Collected data entries
===============
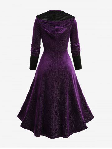 Plus Size Glitter Line Insert Button Ruffles Asymmetric Hooded Long Sleeve Coat - Purple - 2x | Us 18-20
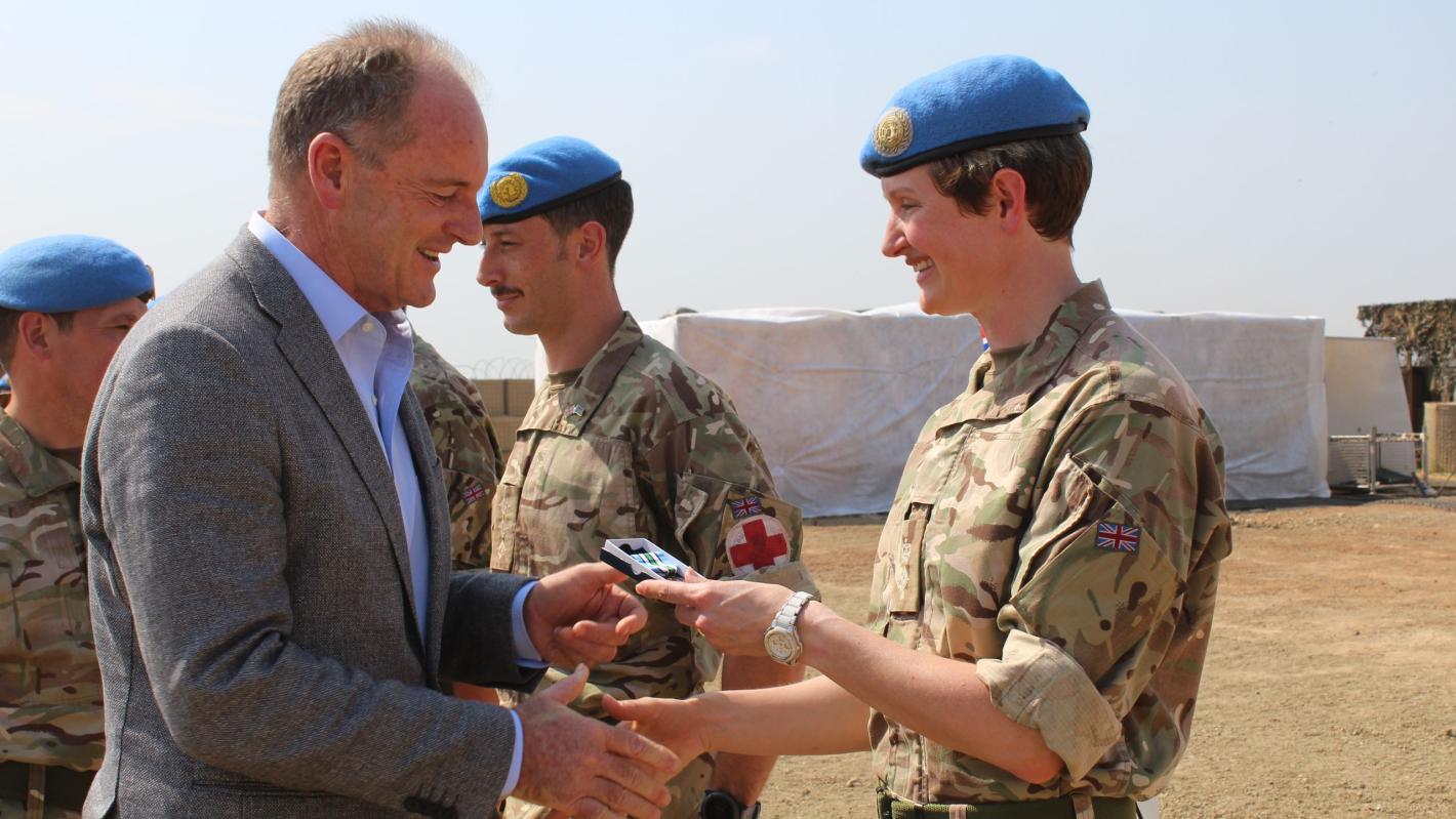 The Special Representative of the Secretary-General, David Shearer, awarded the UN Peacekeeping medals to the troops, including their commanding officer, Lieutenant Colonel Katie Hislop, at a special ceremony in Malakal.
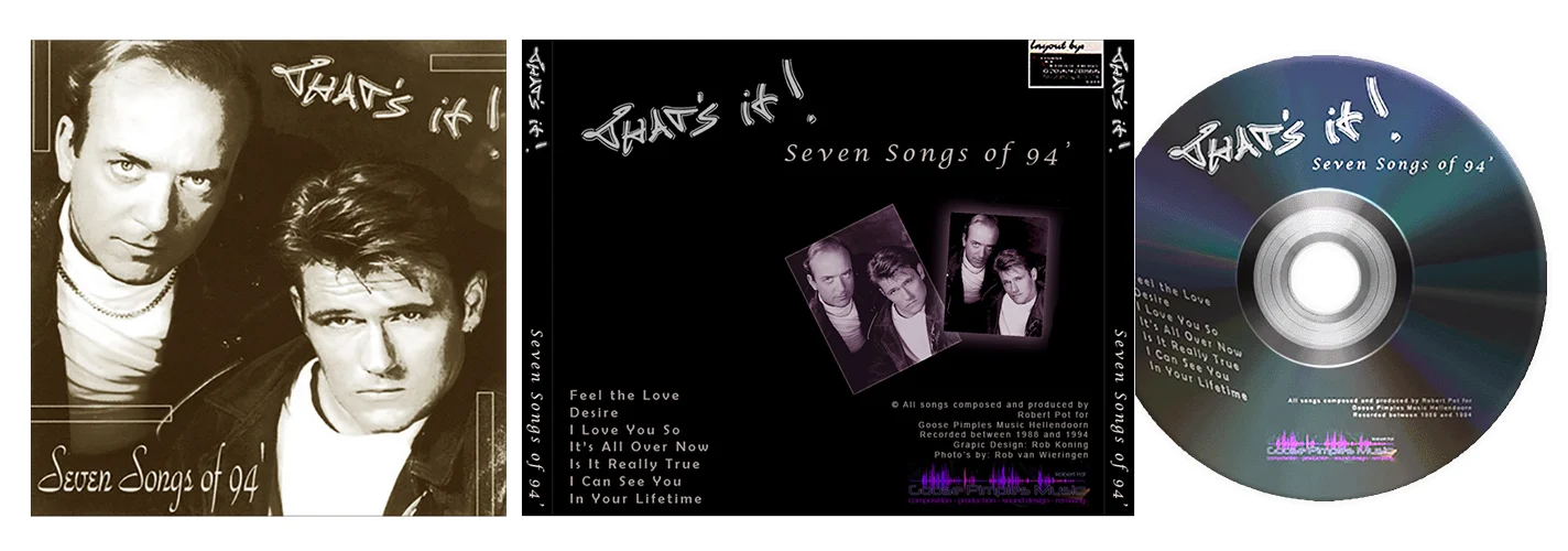 De songs die ik tussen 1989 en 1994 met producer/componist ROBERT POT had opgenomen had ik ook alleen op cassette in mijn bezit. Helaas waren ook deze niet echt meer van hele goede kwaliteit. Toch heb ik ook deze geprobeerd te remasteren en op CD gezet, met hoes erbij ontworpen natuurlijk….
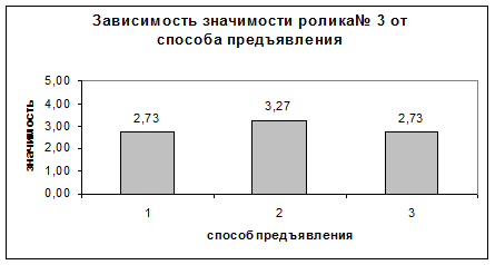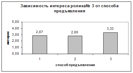 По шкалам интерес и значимость ролика №3 тоже получены достаточно интересные результаты. По шкале значимости способ предъявления только визуального ряда, получает оценку 3,27, что является самой высокой оценкой для данного ролика в зависимости от способа предъявления. А по шкале интереса, самые высокие значения получает способ предъявления только аудиального ряда рекламного сообщения, - 3,33.
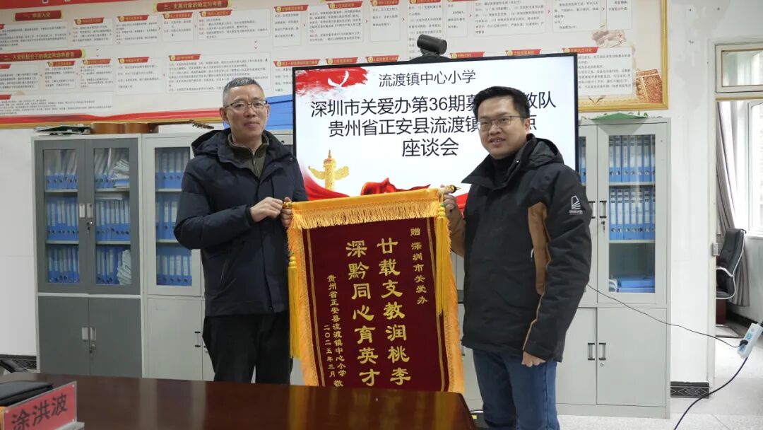 最后,正安县教育体育局局长王胤向深圳市关爱办赠送“廿载支教润桃李,深黔同心育英才”锦旗,表达对深圳关爱行动无私援助的诚挚感谢。他表示,通过募师支教这种方式,能让孩子们在家门口就能上好学,能享受优质教育资源,一定程度缓解了乡村教育资源不足的问题。相信在社会各界的关心关怀下,乡村的教育事业一定会越来越好。
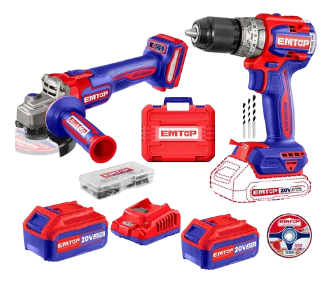 Potencializa tu trabajo con el Combo Taladro Percutor y Amoladora Brushless de Emtop, diseñado para satisfacer las necesidades de los profesionales y entusiastas del bricolaje. Este versátil conjunto incluye una amoladora de alto rendimiento y un taladro percutor potenciado por batería de 20v, brindando la libertad de movimiento sin depender de una fuente de alimentación fija.
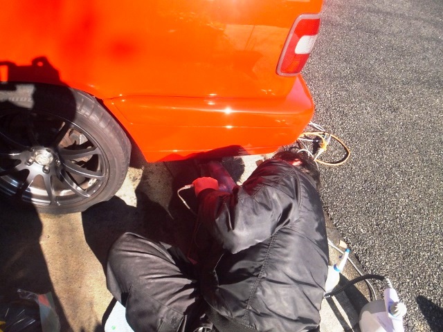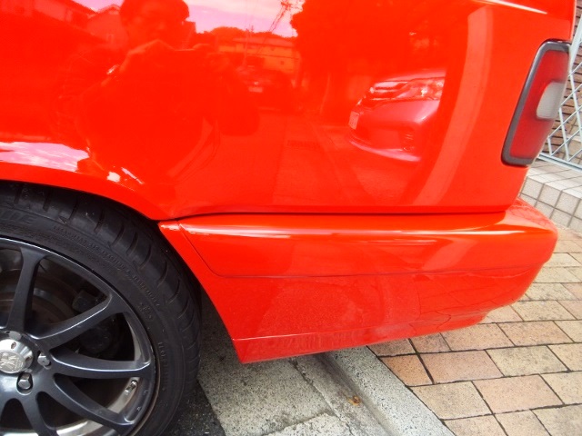 リアバンパーの下部。 ここもタイヤで踏んだ小石等を跳ね上げて傷がつきやすい部分。
===============
Task prompt: What is needed is an exact copy of each line from the top of the data above through the line containing "De songs die", with no pictures.

Answer for the task:
 Plus Size Glitter Line Insert Button Ruffles Asymmetric Hooded Long Sleeve Coat - Purple - 2x | Us 18-20
 The Special Representative of the Secretary-General, David Shearer, awarded the UN Peacekeeping medals to the troops, including their commanding officer, Lieutenant Colonel Katie Hislop, at a special ceremony in Malakal.
 De songs die ik tussen 1989 en 1994 met producer/componist ROBERT POT had opgenomen had ik ook alleen op cassette in mijn bezit. Helaas waren ook deze niet echt meer van hele goede kwaliteit. Toch heb ik ook deze geprobeerd te remasteren en op CD gezet, met hoes erbij ontworpen natuurlijk….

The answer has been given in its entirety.